# Cheese time..



## rbnice1 (Feb 2, 2017)

I have been reading here and its amazing....  I cant wait.  But I have 2 questions.

First How long do you guys leave the cheese in the fridge open before you vac seal it?

After you seal it and need to store it for a while to "age" is this done in the fridge or freezer or what?

And 1 of the posts I read they smoked cream cheese...  Is this real?  I love cream cheese....  I cant imagine how good smoked cream cheese would be.  I assume you would smoke it much less time because its so soft?


----------



## SmokinAl (Feb 3, 2017)

rbnice1 said:


> I have been reading here and its amazing....  I cant wait.  But I have 2 questions.
> 
> First How long do you guys leave the cheese in the fridge open before you vac seal it? Overnight.
> 
> ...


----------



## mr t 59874 (Feb 3, 2017)

Welcome to the forum.

As you will see, there will be different opinions on most everything. Try them all and use what works best for you.
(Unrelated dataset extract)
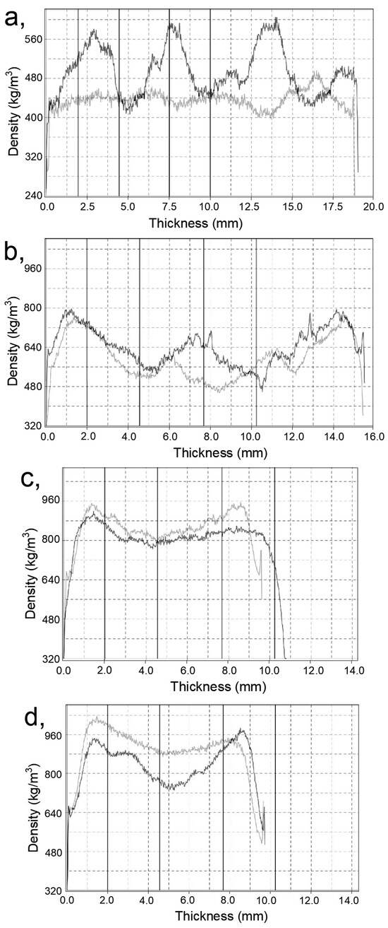 As explained in Section 2, the samples in the density profile analysis were grouped by compression ratio, while the effects of the other three factors (pre-steaming, press temperature, and pressing time) on the density profile were reflected in the deviations of the results. Figure 6 shows the density profile of (a) two control specimens; (b) two samples from setup #1; (c) two samples from setup #7; and (d) two samples from setup #16.

You may vac-seal your cheese as soon as moisture if any has dissipated.

If you have to let your cheese age before consumption, it has been over smoked. On the other hand, there is nothing wrong with further aging your hard cheeses.

Because cream cheese has to be cool when smoked, it will take on smoke very quickly depending on the density of the smoke. My wife uses a food processor and a hand held smoke generator to smoke hers. She puts a block of cheese in the processor, adds smoke, pulses three or four times, and has cream cheese that is evenly smoked within a few seconds.

T


----------



## driedstick (Feb 3, 2017)

Yes I just did some cream cheese, have not had a chance to try it yet, but if you get a chance smoke some butter also,,, it is the bomb on a Baked spud. 

You got some great answers already but here is a good thread to read 

http://www.smokingmeatforums.com/t/123130/mr-ts-smoked-cheese-from-go-to-show-w-q-view


----------



## ab canuck (Feb 3, 2017)

I have read a lot of Mr T's info, he has a lot of great info and on smoking cheese. Lots of things people don't cover some technical as well. Great info if you are serious about the cheese as well as learning more on smoking.


----------



## rbnice1 (Feb 3, 2017)

Thanks for the info.  From all of you.  Cheese is on the smoker and smoker is at 70-75.  Cant wait till i get to eat them.. lol

And Mr T thanks for posting so much info.  I have read many many posts of yours.


----------